The outcome would appear to pave the way for Azerbaijan to integrate around 120,000 ethnic Armenians into its society — a prospect some Armenians say they fear — and to take full control of a mountainous area that has been at the center of two wars since the 1991 fall of the Soviet Union.

Armenia, which says it has no military forces in Karabakh despite Azerbaijani assertions, did not intervene militarily. It has accused Baku of trying to ethnically cleanse Karabakh, something Azerbaijan has denied.

It was unclear how many ethnic Armenians would opt to stay in Karabakh or whether there would be a large exodus to Armenia.

Azerbaijan’s military operation, in which dozens were killed and hundreds injured, faced sharp criticism from the United States and some European countries.

They said the Karabakh problem should have been solved through talks and that Baku’s actions were worsening an already dire humanitarian situation on the ground.

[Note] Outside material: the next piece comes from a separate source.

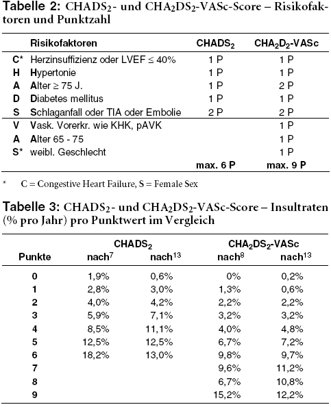 CHADS2-Score, CHA2DS2-VASc-Score: Scores zur Einschätzung des Insultrisikos bei Vorhofflimmern, siehe Tabelle 2. |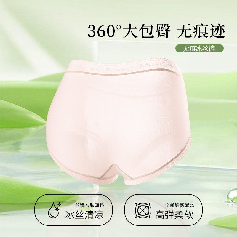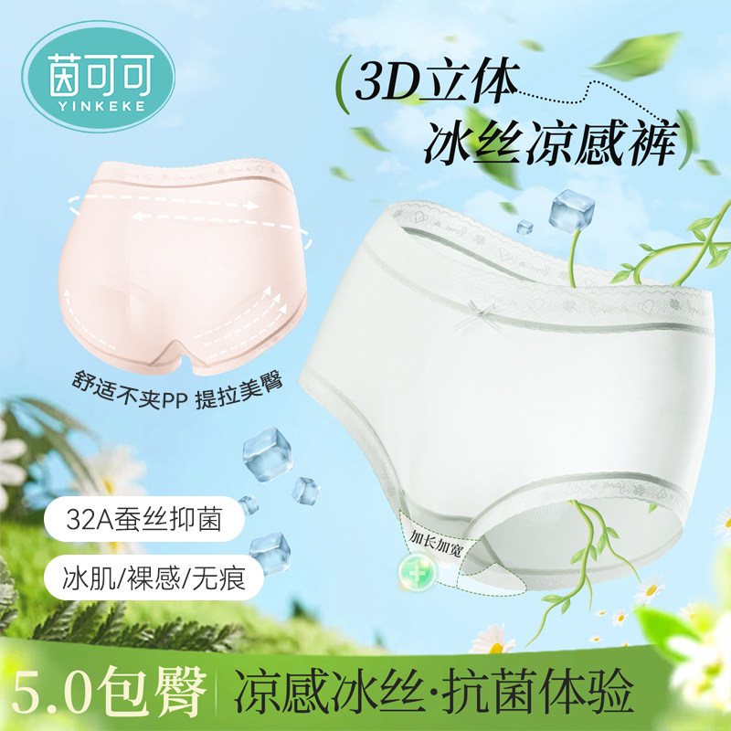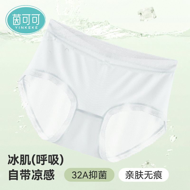 茵可可冰丝内裤 透气无痕蕾丝花边抗菌抑菌桑蚕丝里裆女三角内裤

Azerbaijan sent troops backed by artillery strikes into Karabakh on Tuesday in an attempt to bring the breakaway region to heel by force, raising the threat of a new war with its neighbor Armenia.

It acted after what it called a series of provocations and after some of its troops were killed in what Baku said were attacks launched by separatists from the mountainous region, which Azerbaijan had blockaded for nine months.